Segways are the fanny packs of transportation. Useful in some situations, but you always look like a tool when using one.
i wish we had morning classes together so we can spike our coffee.
He lit his shirt on fire at the bar by putting a lit cigarette in the pocket to "save for later."
I'm at McDonalds and when I walked up to the register the guy said "I'm so sorry." Before I said a word. That's how bad my hangover is.
Miserable. My projectile vomit just woke me up from a 5.5 hour nap.
the australian girl literally just drank an entire pitcher of beer in about twenty seconds. i want to go to there.
I can't believe you just became a stipulation in their divorce papers.

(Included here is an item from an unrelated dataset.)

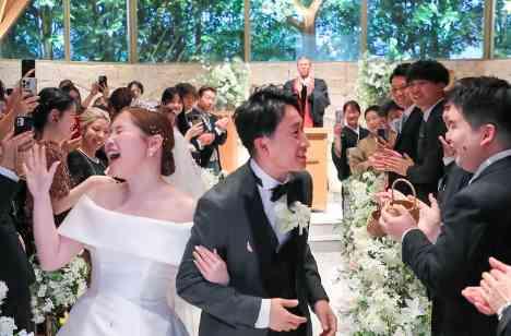 ゲストとの距離感が近い挙式会場。 すぐ近くから、これまで支えてくれた大切な方々からの「おめでとう」の声。「ありがとう」とすぐ返せる距離感だからこそ、コミュニケーションが生まれ、より素敵な時間になります。また、一体感を感じ、自然と涙や笑顔があふれるシーンが見られます。特に挙式退場時に、ご新婦様には敢えてブーケを持たずに歩いていただき、ゲストと触れ合える時間を取っていただきました。

Found: medium sized pair of mens pants tucked inside my purse w/ a dry cleaners coupon in left pocket. Call if you wish to claim the coupon
You were dancing with a coffee pot of rum in one hand and a joint in the other. So that should explain everything.
List 10 things your GF won't do for you, and we can work through that list.
$1 drinks and Playboy theme. I am never leaving this place
I just had a sexting conversation using medieval jargon. I think he is a fine suitor.
Why did I wake up to a snap chat of myself drinking beer out of a blender?
Too bad, iambic pentameter is a drunk specialty of mine.
It was somewhere in between an airport security patdown and a medical examination. No groping or squeezing, just brief pokes and pats.